DALY CITY, Calif. (KGO) -- A bill proposed by an East Bay Senator with the intent to revise the penal code is getting a lot of attention, as critics say it would essentially re-classify violent robberies to misdemeanor petty thefts. This has sparked outrage from members of the Asian American community, who are now speaking out, saying this is not their idea of justice.
New video out of Daly City, showing an older Asian woman brutally knocked to the ground and robbed Thursday afternoon is just the latest in a wave of attacks on Asian Americans across the Bay Area and country.
The concern now is over bill SB82 which, if passes, would reclassify certain robberies which do not involve a deadly weapon or great bodily harm as misdemeanors, not felonies. Misdemeanors carry a maximum $1,000 fine and one year behind bars.
Concerned citizens recently held a rally in Oakland's Chinatown in protest.
ABC7 News anchor Dion Lim reached out to Senator Nancy Skinner of Berkeley, who is championing the bill as part of a committee to revise penal code.

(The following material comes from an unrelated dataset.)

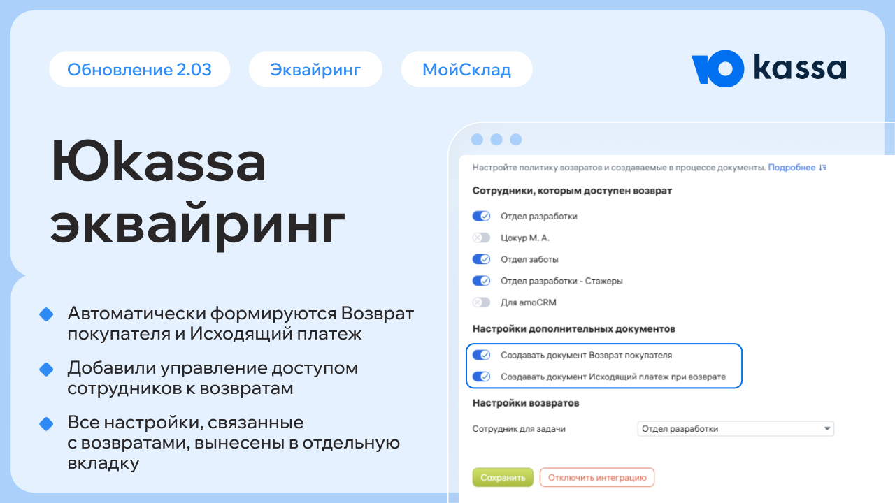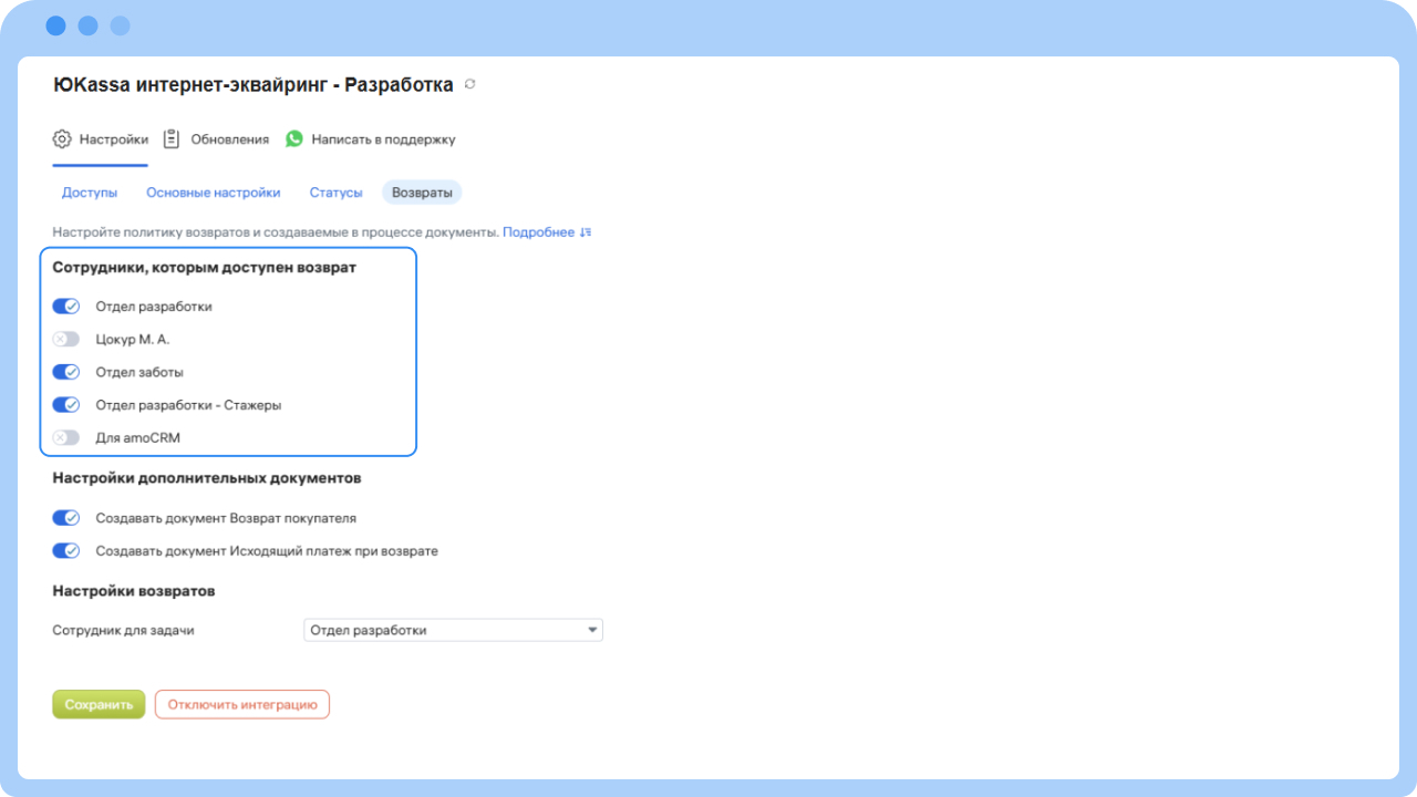 Теперь вы можете настроить, кто из сотрудников имеет доступ к возвратам.

She issued a statement to ABC7 several weeks ago saying the intent was so "non-violent cases of theft" wouldn't be charged as violent felonies.
Her spokesperson said she would not be available to go on camera, but referred to a video of her along with Senator Scott Wiener of San Francisco at committee earlier this week. Weiner addressed the uptick in crimes targeting Asians but also mentioned his disapproval of how the bill was being received by the public.
"I've seen, unfortunately an incredible, a lot of inaccurate information about this bill. If you shove a senior to the ground that's assault, you can be charged as a felony."
The Asian American Prosecutors Association issued a statement voicing their concerns over the bill, "vehemently" opposing it. They cited a number of ABC7 News stories including one about three men attacking and robbing an older Asian man along the Nob Hill, Chinatown border in San Francisco. The group believes with the passing of SB82 this case would serve as a prime example of justice not being served since the older man seen on surveillance video did not suffer serious physical injuries and a deadly weapon was not used.
Alameda County DA Nancy O'Malley, who has been a proponent of restorative justice for low-level crimes, weighed in and expressed her disapproval.
"It's a very big mistake in my opinion. It wouldn't qualify as great bodily injury and I don't think they (those in favor of the bill) understand that. That is a classic robbery where somebody is pushed to the ground and grabbed and tussled."
When asked about the laundromat case, Senator Skinner's office told me under SB82 elder abuse and assault would still be considered felonies. However, prosecutors say elder abuse and assault without a felony robbery significantly reduces jail time.
A hearing on the bill is set for next month.